Just got the cancellation from Amazon. FRACK.


----------



## TownandCountry (Aug 24, 2011)

Any one has information.. What are the best buy store receiving HP Touchpad Tomorrow , Thursday 08/25?


----------



## Moisesm (Jul 31, 2011)

just got off the phone with OnSale after waiting for 51 minutes to find out my order was canceled... and i ordered it sunday 2pm pacific time


----------



## n2imagination (Jun 21, 2011)

Yep cancelled here too. To make it worse the seller still has them listed "in stock" but at the $499 price. Either they have them in stock or they don't. I am very pissed and will probably just give up on this damn fiasco.
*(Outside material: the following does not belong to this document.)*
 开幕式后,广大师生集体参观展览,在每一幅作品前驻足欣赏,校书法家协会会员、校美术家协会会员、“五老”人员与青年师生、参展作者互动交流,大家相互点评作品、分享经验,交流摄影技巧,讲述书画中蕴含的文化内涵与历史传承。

Filed complaint but I'm sure nothing will change.


----------



## stranula (Aug 15, 2011)

Just got my cancellation email from amazon, shame, will have to try again when the next round begins


----------



## heartlessdevil (Aug 22, 2011)

just got my cancellation email


----------



## mortymouse (Aug 24, 2011)

For anyone that purchased through the HP SMB website, check out my thread http://rootzwiki.com/showthread.php?t=3646


----------



## Perk27 (Jun 11, 2011)

Mine actually came today. My status still says ship soon and there has been no charge to my credit card yet, so for the people who haven't found out yet you could still get your order even if your card hasn't been charged yet.


----------



## djhash (Aug 22, 2011)

So once the order is cancelled. Are we unable to leave a feedback? or report the company to amazon?


----------



## redsox 98 (Jun 6, 2011)

"djhash said:


> So once the order is cancelled. Are we unable to leave a feedback? or report the company to amazon?
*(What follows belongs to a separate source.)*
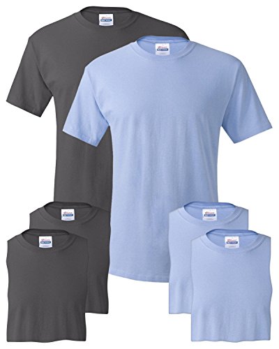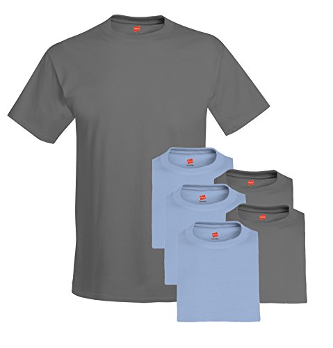 Hanes Men's 6-Pack Crew T-Shirt, 3 Smoke Gray / 3 Light Blue, Large

It looks that way. But you can be like me and start blowing up there twitter account. Lol. Man I'm bitter. The thing that bothers me is how long it took them to get this info out. I missed the boat on a few other sites.


----------



## thrashermania (Aug 24, 2011)

djhash said:


> So once the order is cancelled. Are we unable to leave a feedback? or report the company to amazon?


 Rip them a new one at resellerratings.com


----------



## nrojashbc (Aug 23, 2011)

Rip onsale hope you burn ...


----------



## bassmanb (Aug 23, 2011)

Ordered at 520p on Sunday - just got cancelled - AND my order from insight disappeared from my account information on their site. I have one hope left - Erwin - but I dont have faith.
I'm leaving neg feedback on "Onsale's" site on Amazon tonight.


----------



## stryker (Aug 14, 2011)

Just got canceled from onsale. What a bunch of douchers. Now I get nothing. I will get one of these for cheap. now i'm on a mission.

droidX OMFGB.


----------



## darkamulet (Aug 22, 2011)

I put two orders in on amazon 8-21-11 @5:15pm & 5:17pm EDT, I have received no cancellation emails yet. As of 4:08PM EDT it shows the earlier order as shipped, since tracking number is not showing results yet but I'm hoping they didn't waste time doing that update and not actually sending it out.
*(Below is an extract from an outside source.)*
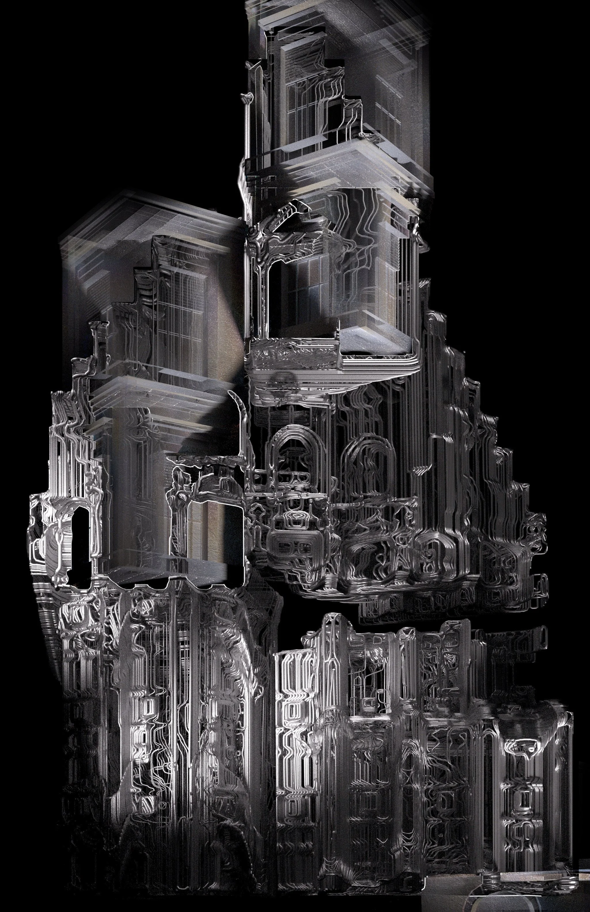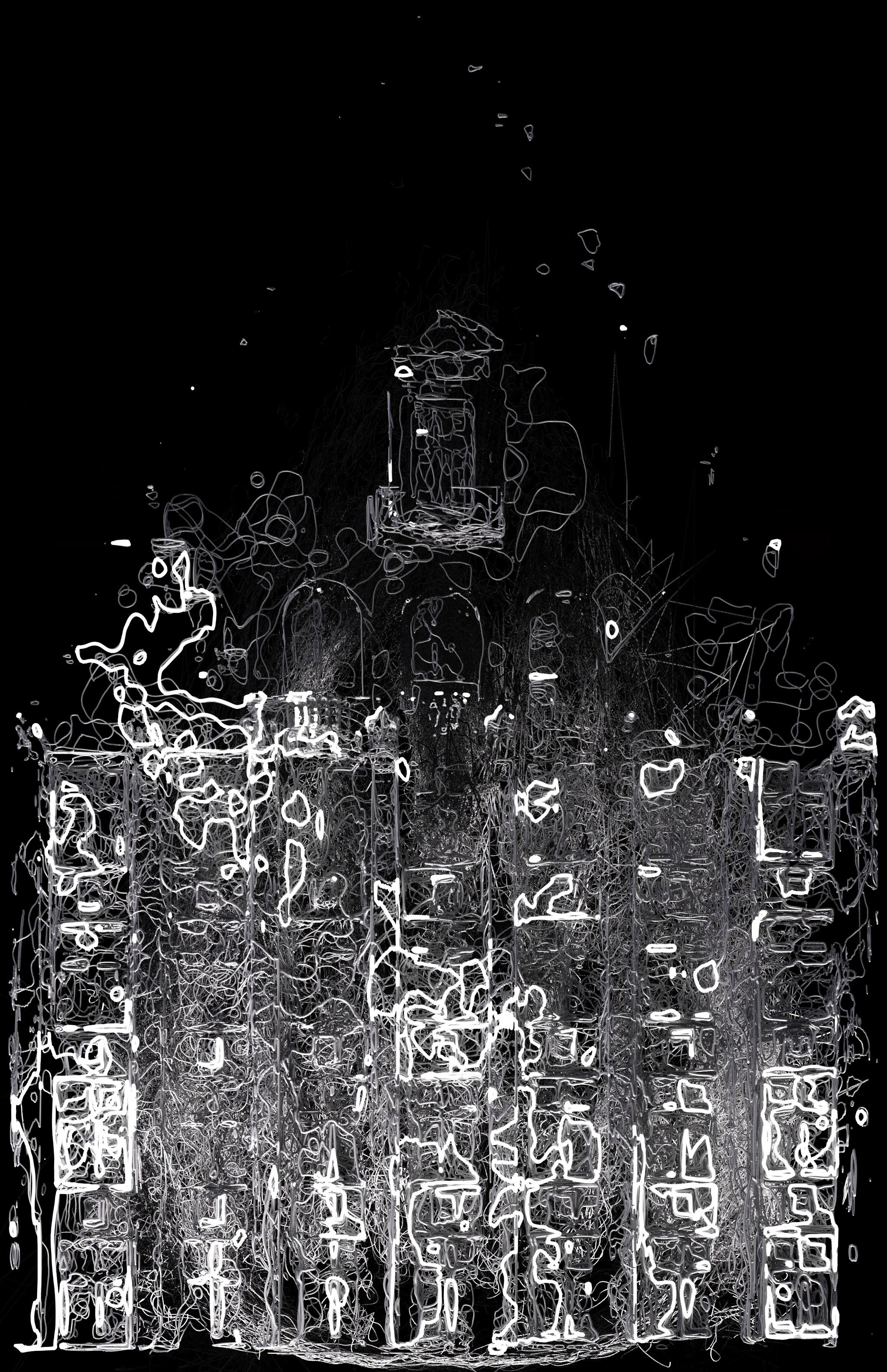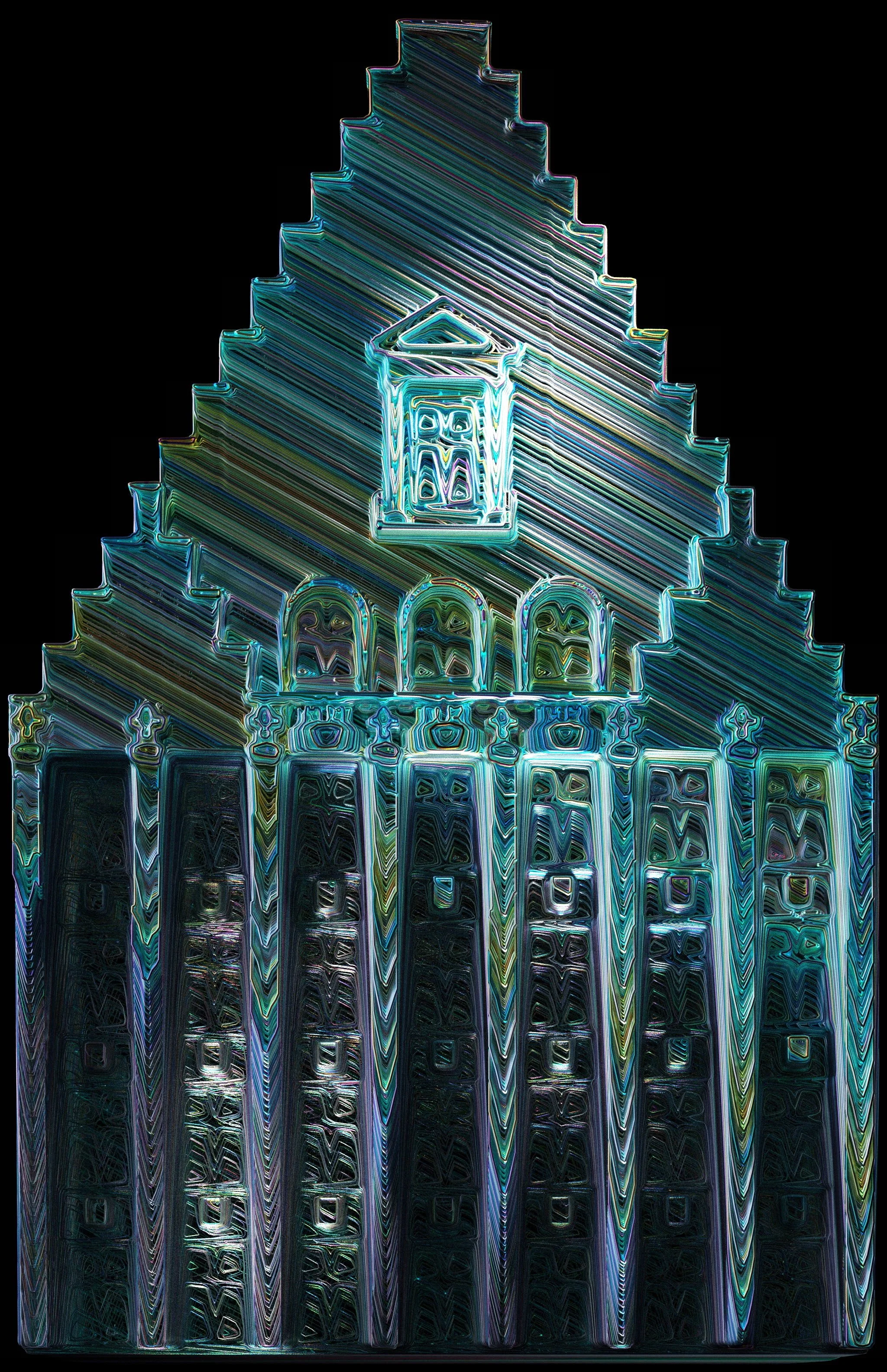 The architectural surface of the building is the cage we want to break out of using abstract experimental projection mapping techniques. The repetitive bassline defines the strict parameters in which we can operate and does not accommodate discomfort. The light of the projectors cannot penetrate the surface of the building, but the bass pushes the animations through, until at the end - the building is free.

One thing to note is that when I looked at both order details on amazon the only difference was the "shipped" order now has "seller's order number" which I could then take to onsale.com and check against their tracking system that confirms shipped.


----------



## Deyez (Jun 9, 2011)

Cancelled on one order that was placed at 4:47pm CST


----------



## roadtripguy (Aug 21, 2011)

Just got an Email from Amazon cancelling the order I placed over the weekend. Fortunately, I was able to pick up a 32GB unit from Radio Shack last Saturday.


----------



## Skripka (Aug 22, 2011)

UPDATE: 5PM ET Wednseday

My order, invoiced 524PM Sunday just got a tracking number from Amazon. I'm still uber-pissed at OnSale for their handling of this.


----------



## jdenman03 (Jun 24, 2011)

Skripka said:


> UPDATE: 5PM ET Wednseday
> 
> My order, invoiced 524PM Sunday just got a tracking number from Amazon. I'm still uber-pissed at OnSale for their handling of this.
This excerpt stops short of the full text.